Member of the House of Representatives of the Netherlands
- In office 30 November 2006 – 19 September 2012

Personal details
- Born: Petronella Johanna Maria Godefrida van den Heuvel 24 September 1959 (age 66) Helmond, Netherlands
- Party: Christian Democratic Appeal (Christen-Democratisch Appèl - CDA)
- Spouse: Married
- Education: Fontys University of Applied Sciences (B.A., Business economics)
- Occupation: Politician, banking manager
- Website: (in Dutch) Christian Democratic Appeal website

= Elly Blanksma-van den Heuvel =

Dutch politician (born 1959)

Petronella Johanna Maria Godefrida Blanksma-van den Heuvel (born 24 September 1959, Helmond), known as Elly Blanksma-van den Heuvel, is a Dutch politician and former banking manager. As a member of the Christian Democratic Appeal (Christen-Democratisch Appèl) she was an MP from 30 November 2006 to 19 September 2012, focusing on finance, economics, innovation and agriculture. Since 1 November 2012 she has been mayor of Helmond.

Blanksma-van den Heuvel was born in the province of North Brabant and studied business economics at Fontys University of Applied Sciences. She worked in several management positions at the Rabobank.
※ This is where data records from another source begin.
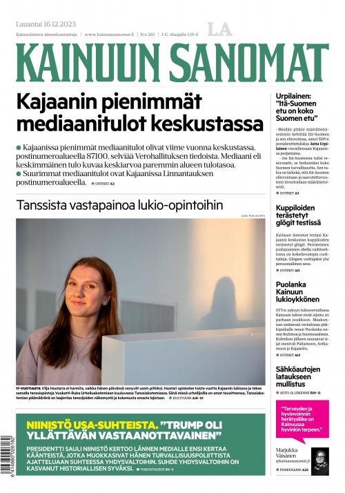 Kainuun Sanomat on elinvoimainen ja monipuolinen maakuntalehti. Tuttavallisemmin “Kainariksi” kutsuttu maakuntalehti tarjoaa kattavan kokonaistavoittavuuden sekä vahvan digitaalisen saatavuuden, mikä tekee lehdestä vahvan kanavan alueen tiedonvälityksessä. Kainuun Sanomat on koko Kainuun ääni, joka on ollut osana luomassa maakunnalle omaa identiteettiä.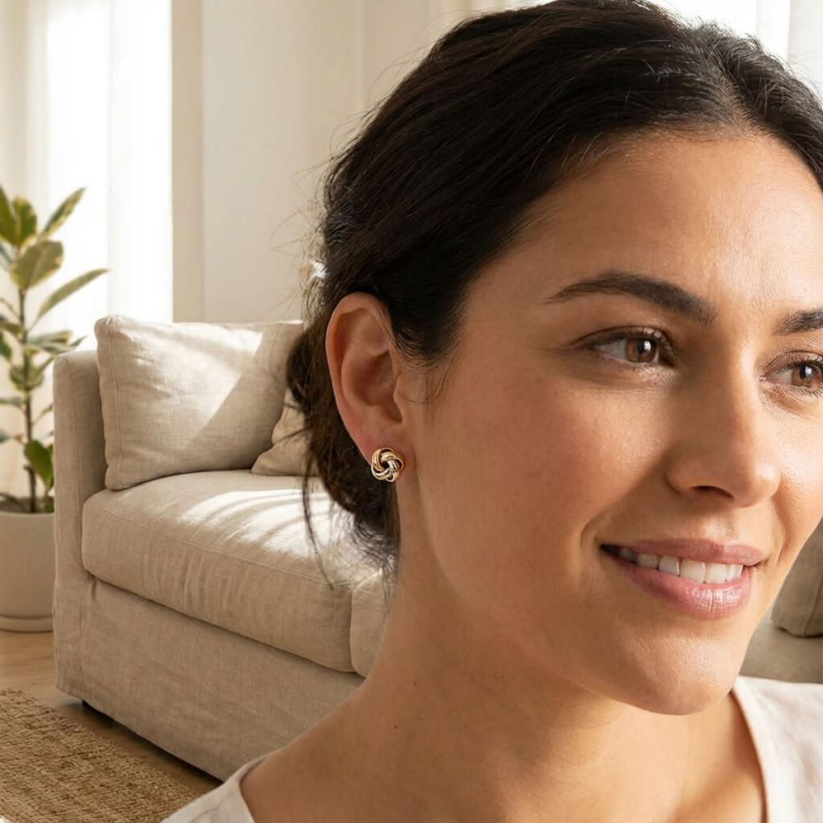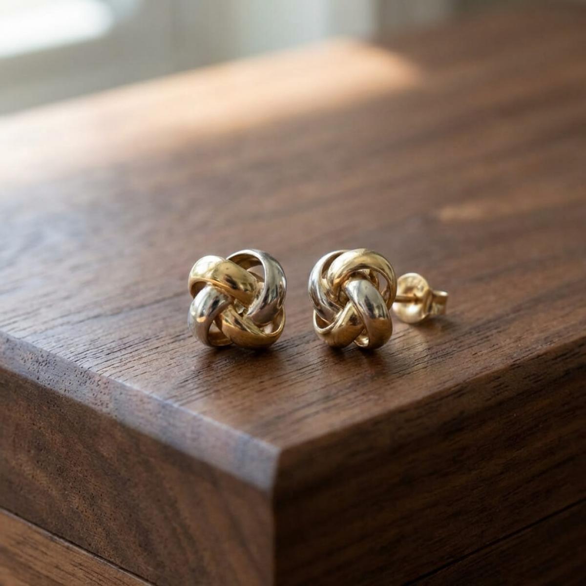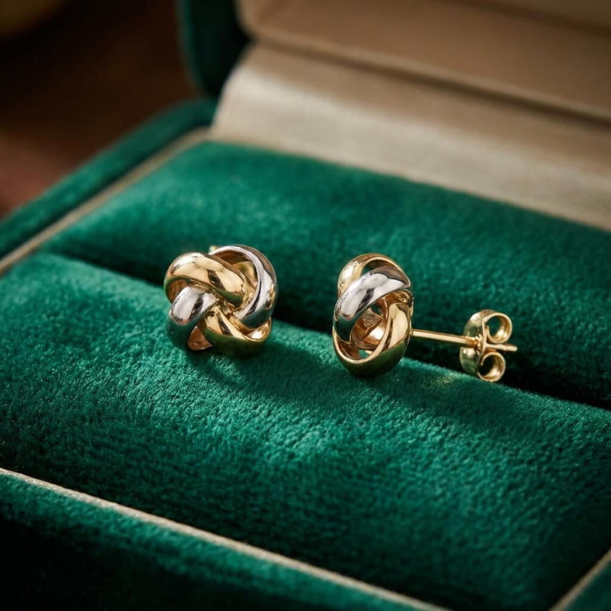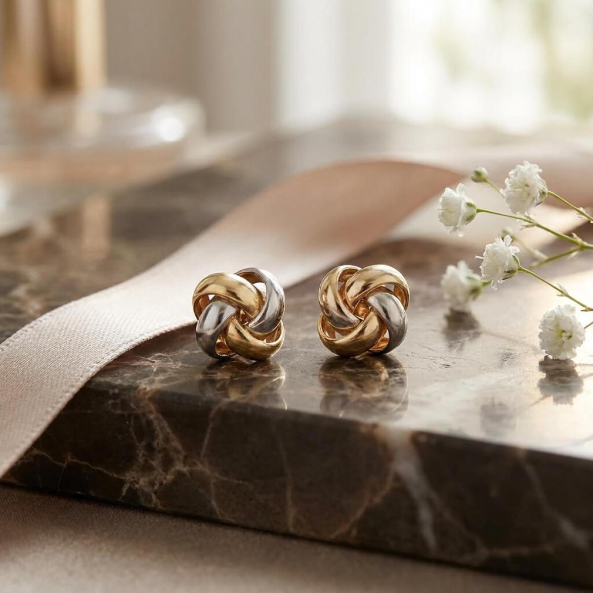 Златни обеци Възелчета с бяло и жълто злато пр.585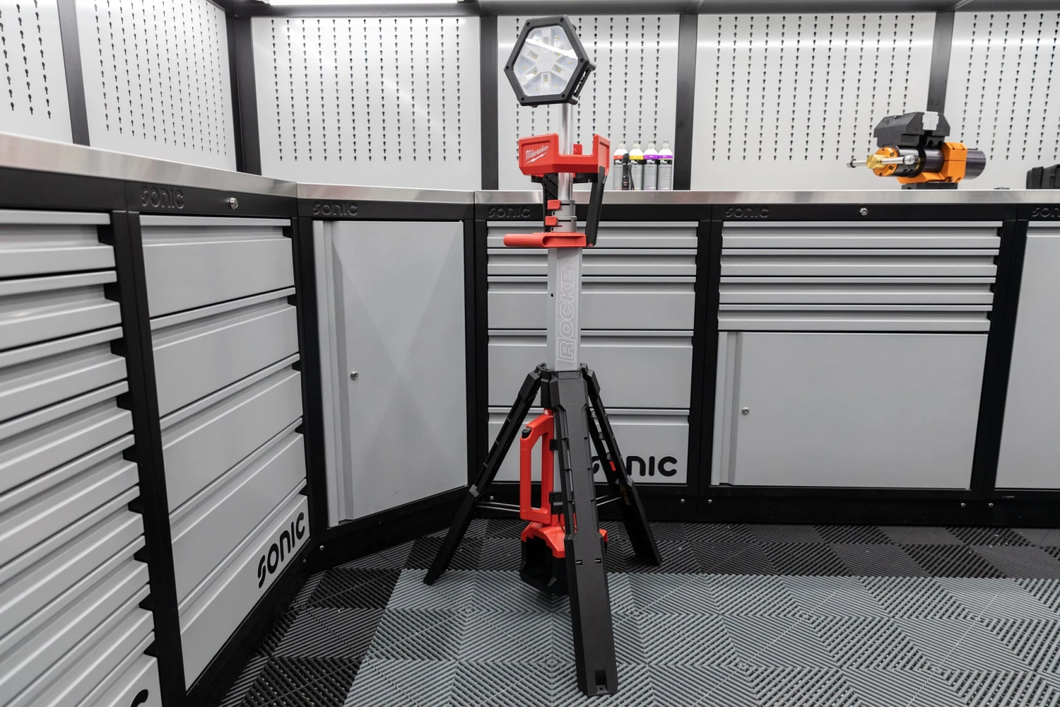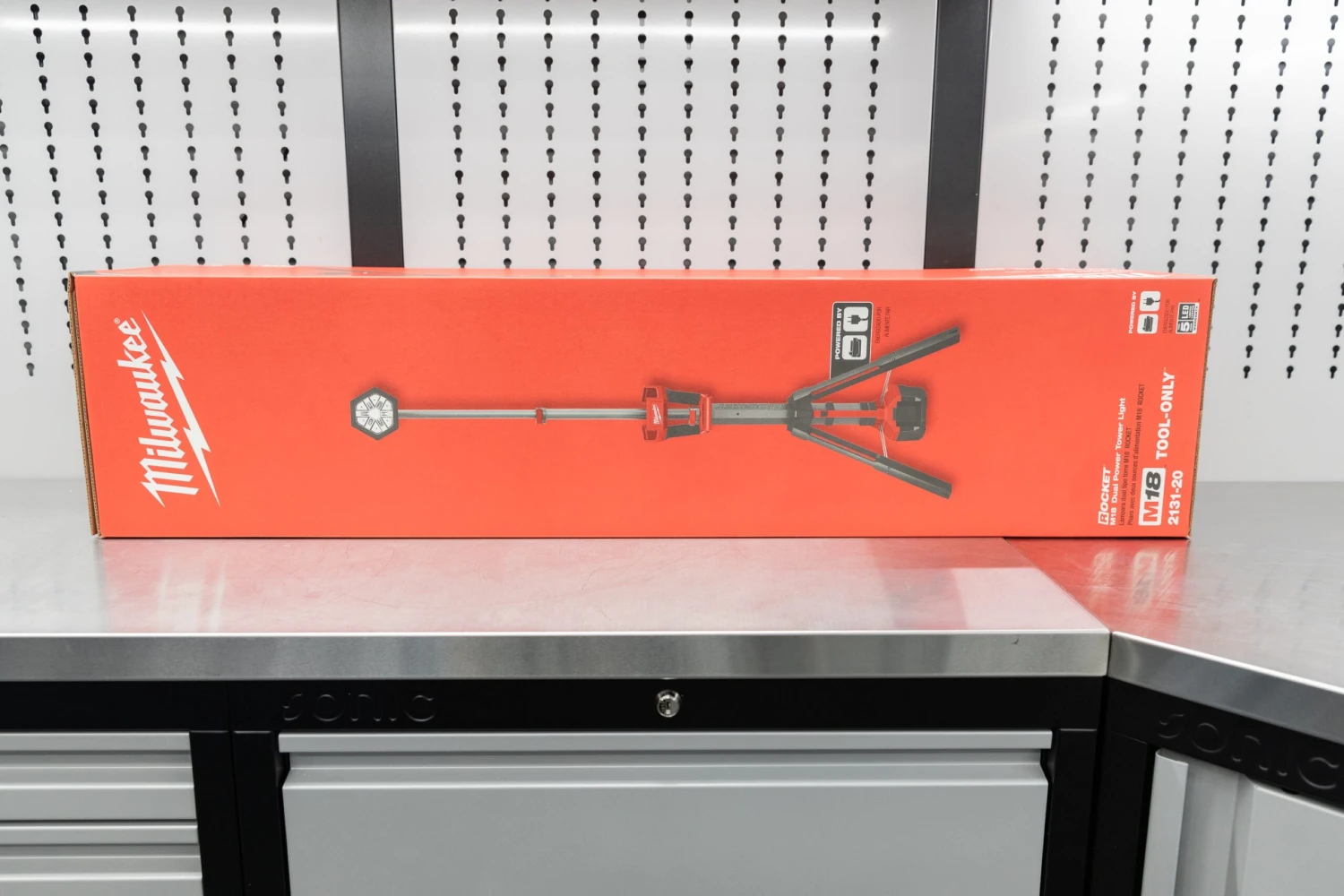 Milwaukee makes a lot of work lights, and all of them are great, but which ones do I think are the most useful? For us working in the garage, I think there are three solid choices to have in your cabinet. The M18 Rocket Light is perfect for when you need a stationary light with a good amount of output. There’s an added bonus in that it’s dual-powered so you can use it with your M18 batteries or plug it into an outlet. We sell this as Tool Only, so no batteries or chargers are included.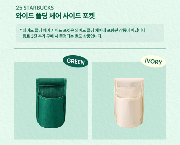 ✔️ 음료 3잔 추가 구매 시 ‘사이드 포켓’ 굿즈 1종 추가 증정 - 굿즈 종류:

From 1987 to 1995 she was a member of the States-Provincial of North Brabant. She was also a member of the national as well of the North Brabant party executive. From November 2006 to September 2012 she served as an MP in the Dutch House of Representatives. She was spokeswoman in the area of finance on behalf of the CDA parliamentary group.

== Decorations ==
- In 2012, she was named Knight of the Order of Orange-Nassau.